Reviewed by Vern Ratzlaff
Meeks, of the Department of Religious Studies, Yale University, explores a fascinating range of studies embracing social theory, history and literature, from the figure of the androgyn to New Testament pictures of Christianity’s separation from Jewish communities.
(Androgyn: myth of a bisexual progenitor of the human race, using metaphors of clothing symbolism, spiritual marriage, even baptism; ‘there is no longer male nor female’ cf. Galatians 3:28. Androgyny.)
A major theme dealt with by Meeks is the discussion of roles of women in the Christian congregations. He lists the women who were leaders and patrons in the early churches, who shared Paul’s struggles. ‘There are a number of signs that in the Pauline school women enjoyed a functional equality in leadership roles that were unusual in Greco-Roman society as a whole and quite astonishing in comparison with contemporary Judaism’ (p 20).
The early Paul (eg 1 Cor 12) does not deny women the right to engage in charismatic leadership’ (p 22).

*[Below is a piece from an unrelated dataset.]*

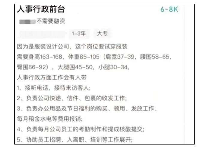近日,有网友发文称,自己找工作时,发现某公司行政前台岗对身高、体重、肩宽、腰围、臀围等均有要求,像选美一样,引起广泛关注。

Meeks tellingly points out ‘that the most normal and startlingly ways of talking about Jesus—precisely the language that would lead the church later to define its great, complex creedal formulae about Christ’s divine and human nature and the doctrine of the Trinity—first appears in the records as poetry’ (p xxvii).
A wonderful treatment of the early church’s beliefs and faith, a faith that will embrace rather than fear a certain kind of skepticism. ‘Faith can never rest easily with the necessary skepticism of a good historian but the two need not be enemies’ ( 261).